» **TASK TO COMPLETE**
All lines from the one containing "報告名稱(chēng):中華熱電2023.11廢水檢測報告" down to the one containing "比如下圖是三菱伺服電機選擇示例,滿滿的一頁都是計算...", both ends included, are to be given again exactly; omit the rest of the listing below.

----- RECORD EXCERPTS

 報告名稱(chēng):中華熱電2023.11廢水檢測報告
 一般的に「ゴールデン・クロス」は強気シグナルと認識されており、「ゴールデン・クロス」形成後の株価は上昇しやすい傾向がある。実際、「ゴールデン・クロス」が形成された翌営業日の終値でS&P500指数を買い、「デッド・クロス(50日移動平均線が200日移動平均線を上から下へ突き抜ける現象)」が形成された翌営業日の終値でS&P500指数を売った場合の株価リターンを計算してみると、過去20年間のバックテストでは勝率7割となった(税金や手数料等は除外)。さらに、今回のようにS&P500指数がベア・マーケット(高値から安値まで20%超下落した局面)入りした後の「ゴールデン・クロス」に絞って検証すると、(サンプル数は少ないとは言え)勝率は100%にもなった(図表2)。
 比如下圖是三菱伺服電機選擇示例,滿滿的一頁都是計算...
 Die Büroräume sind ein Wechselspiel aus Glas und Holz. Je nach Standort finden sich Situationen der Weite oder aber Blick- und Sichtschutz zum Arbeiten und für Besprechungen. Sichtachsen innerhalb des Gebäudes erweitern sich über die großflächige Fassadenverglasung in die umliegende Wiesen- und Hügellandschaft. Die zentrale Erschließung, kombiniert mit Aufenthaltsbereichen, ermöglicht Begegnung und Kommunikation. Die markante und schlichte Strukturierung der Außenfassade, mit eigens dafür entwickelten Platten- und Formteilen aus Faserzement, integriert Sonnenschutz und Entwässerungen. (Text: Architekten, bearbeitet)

----------
----- RECORD EXCERPTS

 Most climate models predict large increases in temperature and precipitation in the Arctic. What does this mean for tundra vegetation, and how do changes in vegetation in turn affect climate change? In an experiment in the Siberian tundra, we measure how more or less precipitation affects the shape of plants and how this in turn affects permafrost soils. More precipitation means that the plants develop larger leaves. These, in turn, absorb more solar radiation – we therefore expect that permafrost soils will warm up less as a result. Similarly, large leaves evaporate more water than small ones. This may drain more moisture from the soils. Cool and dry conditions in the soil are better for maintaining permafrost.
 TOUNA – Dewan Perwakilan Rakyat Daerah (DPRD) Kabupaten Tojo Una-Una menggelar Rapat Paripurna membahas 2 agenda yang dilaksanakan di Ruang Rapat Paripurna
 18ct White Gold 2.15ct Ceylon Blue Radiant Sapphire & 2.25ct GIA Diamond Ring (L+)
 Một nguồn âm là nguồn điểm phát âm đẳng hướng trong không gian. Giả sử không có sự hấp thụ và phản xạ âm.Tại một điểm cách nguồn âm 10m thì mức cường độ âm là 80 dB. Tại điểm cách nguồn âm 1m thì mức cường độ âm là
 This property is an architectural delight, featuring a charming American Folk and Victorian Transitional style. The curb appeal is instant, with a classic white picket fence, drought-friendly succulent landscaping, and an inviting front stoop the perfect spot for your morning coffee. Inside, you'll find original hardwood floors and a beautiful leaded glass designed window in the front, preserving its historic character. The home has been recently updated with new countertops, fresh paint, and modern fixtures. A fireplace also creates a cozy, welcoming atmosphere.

----------
----- RECORD EXCERPTS

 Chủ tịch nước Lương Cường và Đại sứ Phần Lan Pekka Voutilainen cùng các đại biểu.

----------

» **RESPONSE**
 報告名稱(chēng):中華熱電2023.11廢水檢測報告
 一般的に「ゴールデン・クロス」は強気シグナルと認識されており、「ゴールデン・クロス」形成後の株価は上昇しやすい傾向がある。実際、「ゴールデン・クロス」が形成された翌営業日の終値でS&P500指数を買い、「デッド・クロス(50日移動平均線が200日移動平均線を上から下へ突き抜ける現象)」が形成された翌営業日の終値でS&P500指数を売った場合の株価リターンを計算してみると、過去20年間のバックテストでは勝率7割となった(税金や手数料等は除外)。さらに、今回のようにS&P500指数がベア・マーケット(高値から安値まで20%超下落した局面)入りした後の「ゴールデン・クロス」に絞って検証すると、(サンプル数は少ないとは言え)勝率は100%にもなった(図表2)。
 比如下圖是三菱伺服電機選擇示例,滿滿的一頁都是計算...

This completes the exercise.